Segment Start: Information supplied

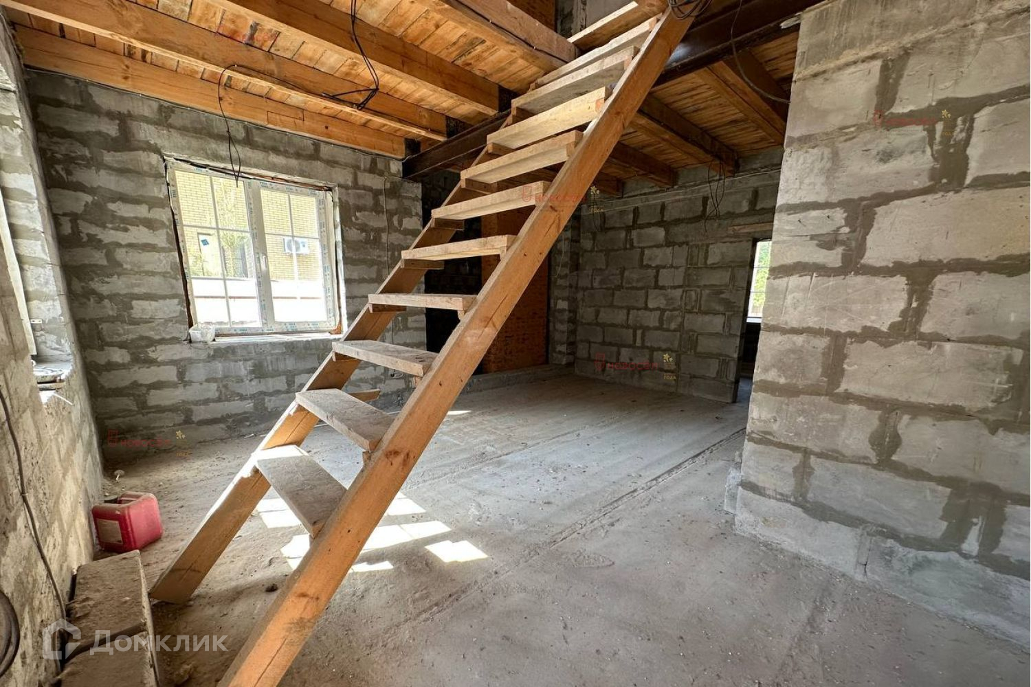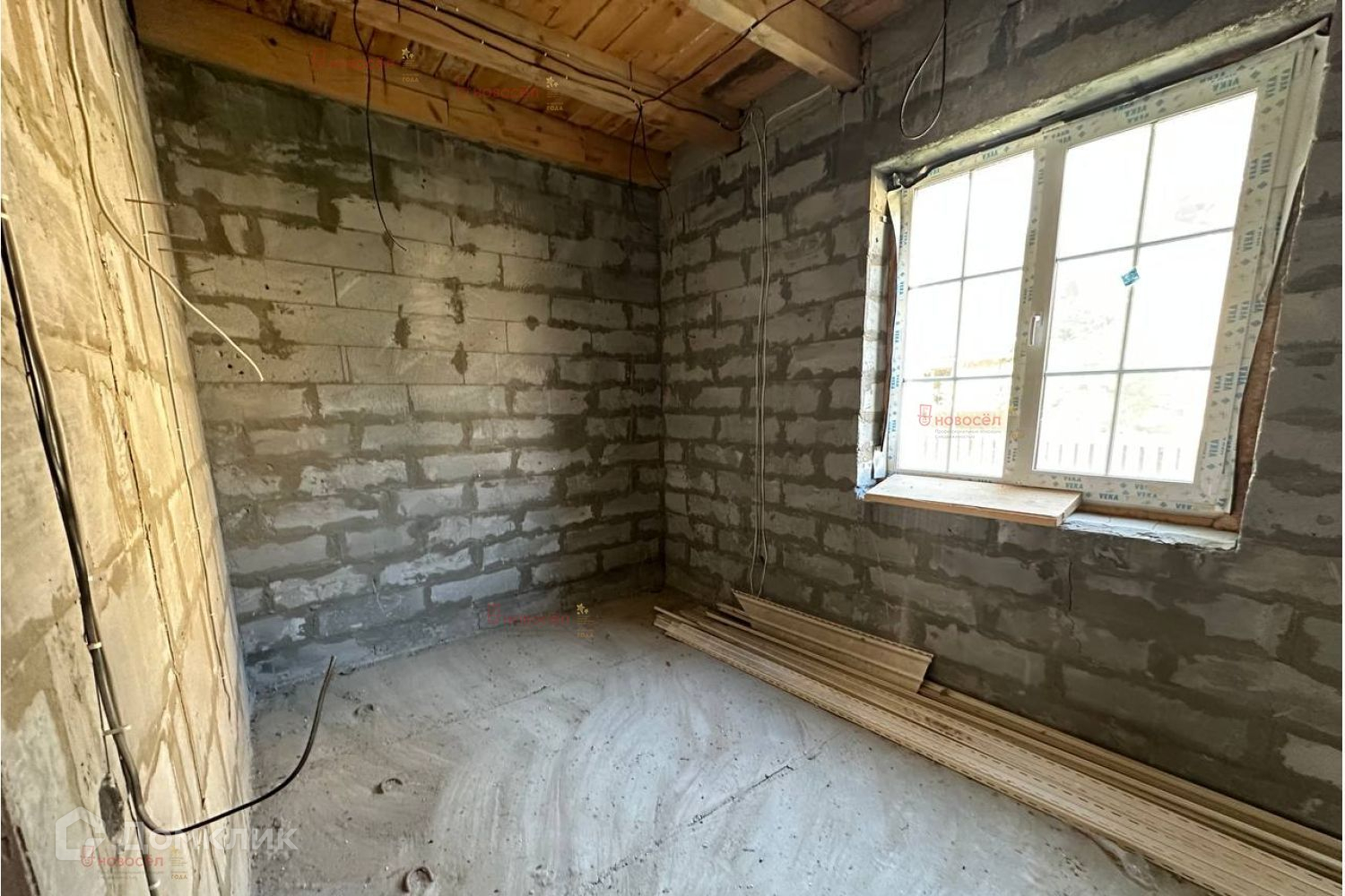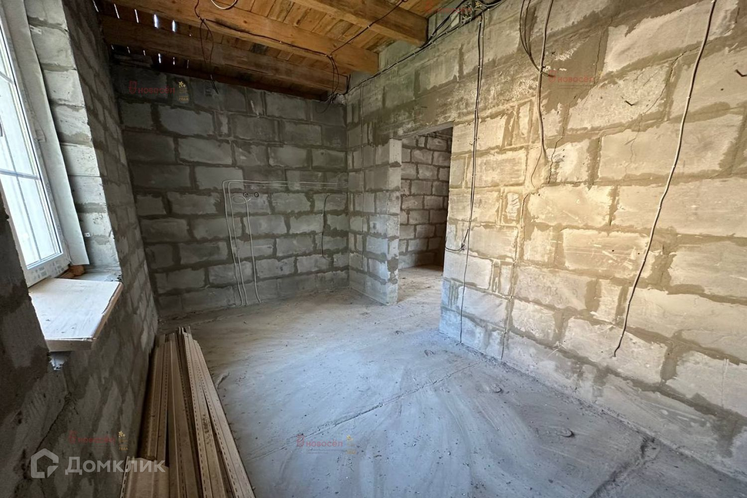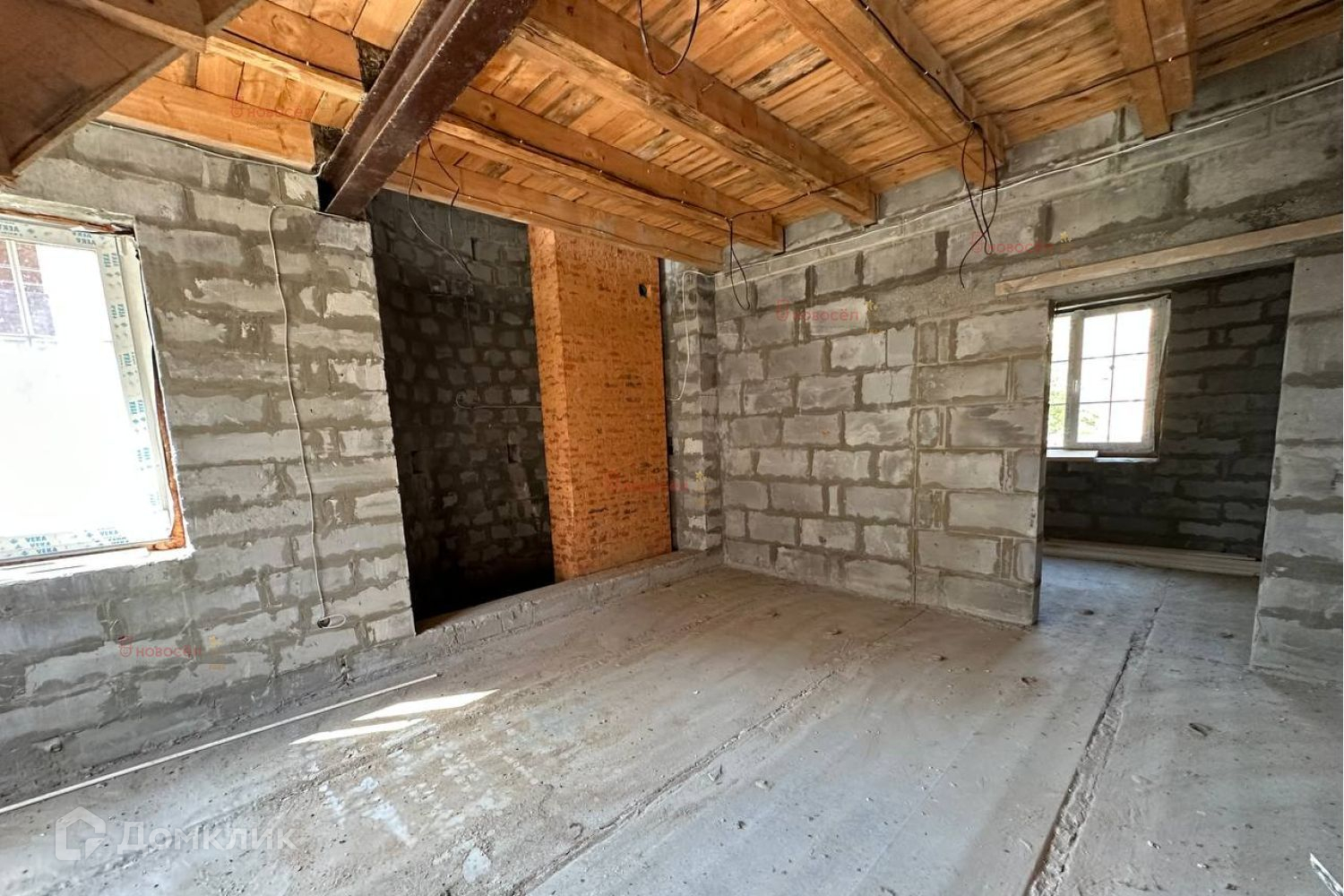 Планировка свободная. Перекрытие: 1 этаж- железобетонные плиты, 2- деревянное. Материал стен- цементный блок с облицовочным кирпичом. Крыша- металлочерепица. Окна пластиковые, французская раскладка (производитель фирма Veka). Электричество: выполнена разводка по дому, 220/380 V. Газ: проходит по участку. Канализация: выгребная яма (труба выведена). Вода: скважина внутри дома.
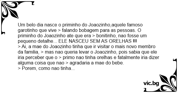 Um belo dia nasce o priminho do Joaozinho,aquele famoso garotinho que vive > falando bobagem para as pessoas. O priminho do Joaozinho ate que era > bonitinho, nao fosse um pequeno detalhe... ELE NASCEU SEM AS ORELHAS !!!
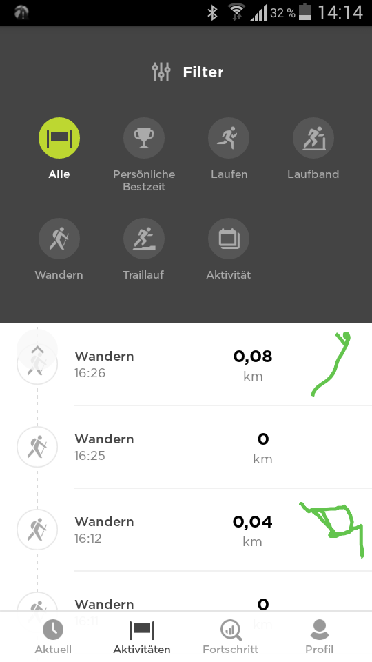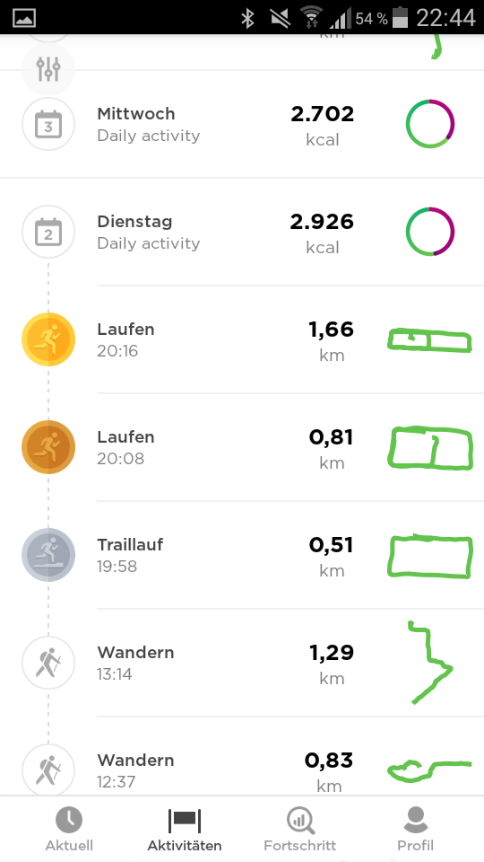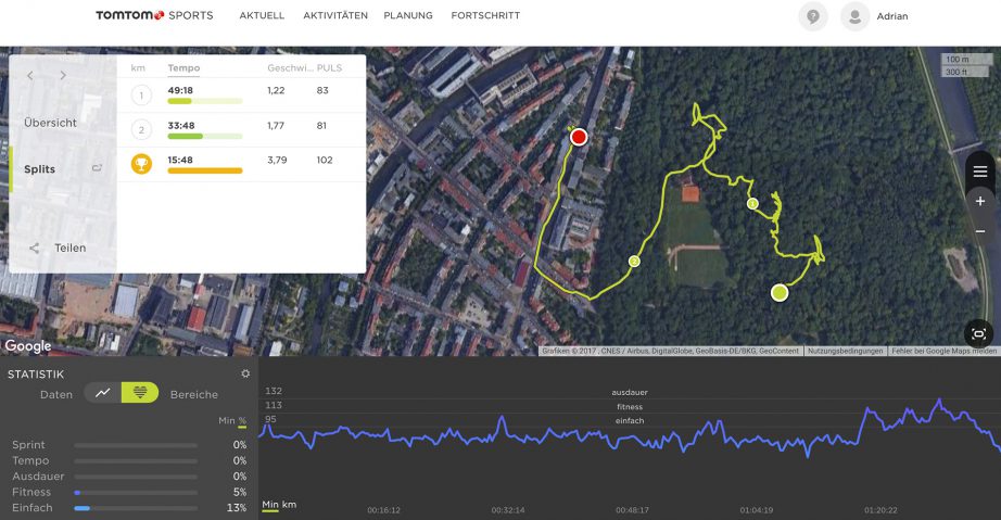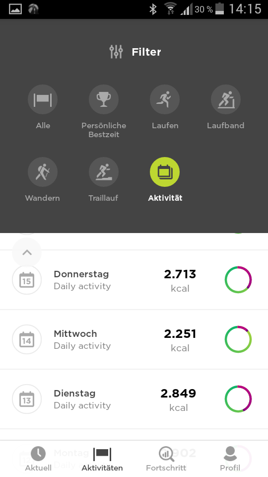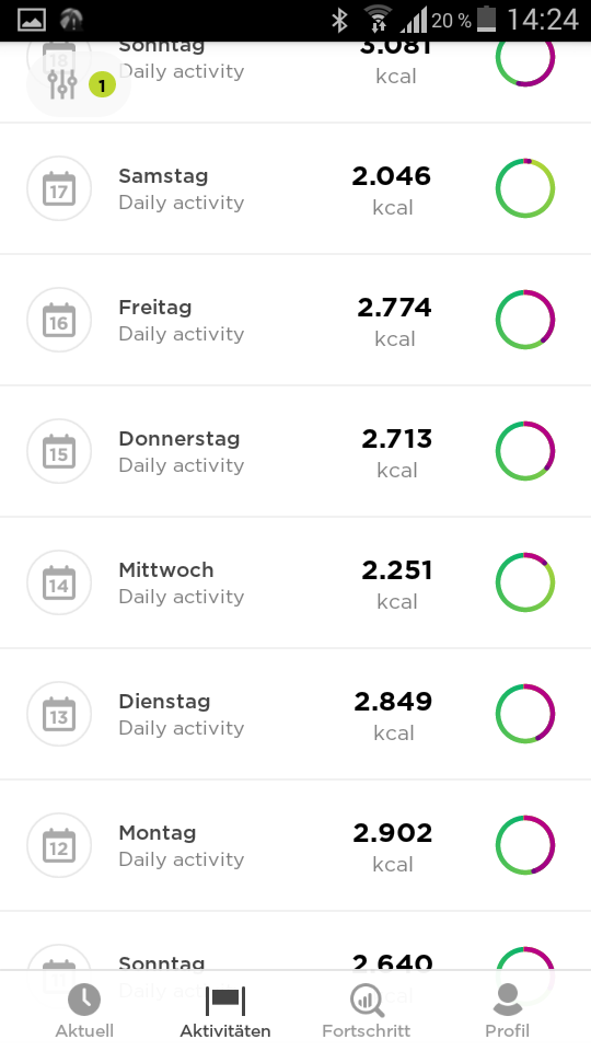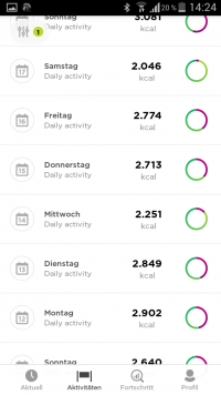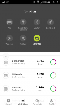 Bei den Vergleichsmöglichkeiten hat TomTom mittlerweile sichtlich nachgebessert. Mit Hilfe des Reiters Aktivitäten können nun die Fitness-Werte verschiedener Tage zügig miteinander verglichen werden. Möglich geworden ist dies durch die zusätzliche Auflistung der „Daily Activity“ [= Tägliche Aktivität] innerhalb der Aktivitätenliste.

Segment End: Information supplied

→ **Description of the task**
Start with the line that holds "Um belo dia" and retype each line through the last one in the data, exactly and without pictures.

→ **Exercise answer**
 Um belo dia nasce o priminho do Joaozinho,aquele famoso garotinho que vive > falando bobagem para as pessoas. O priminho do Joaozinho ate que era > bonitinho, nao fosse um pequeno detalhe... ELE NASCEU SEM AS ORELHAS !!!
 Bei den Vergleichsmöglichkeiten hat TomTom mittlerweile sichtlich nachgebessert. Mit Hilfe des Reiters Aktivitäten können nun die Fitness-Werte verschiedener Tage zügig miteinander verglichen werden. Möglich geworden ist dies durch die zusätzliche Auflistung der „Daily Activity“ [= Tägliche Aktivität] innerhalb der Aktivitätenliste.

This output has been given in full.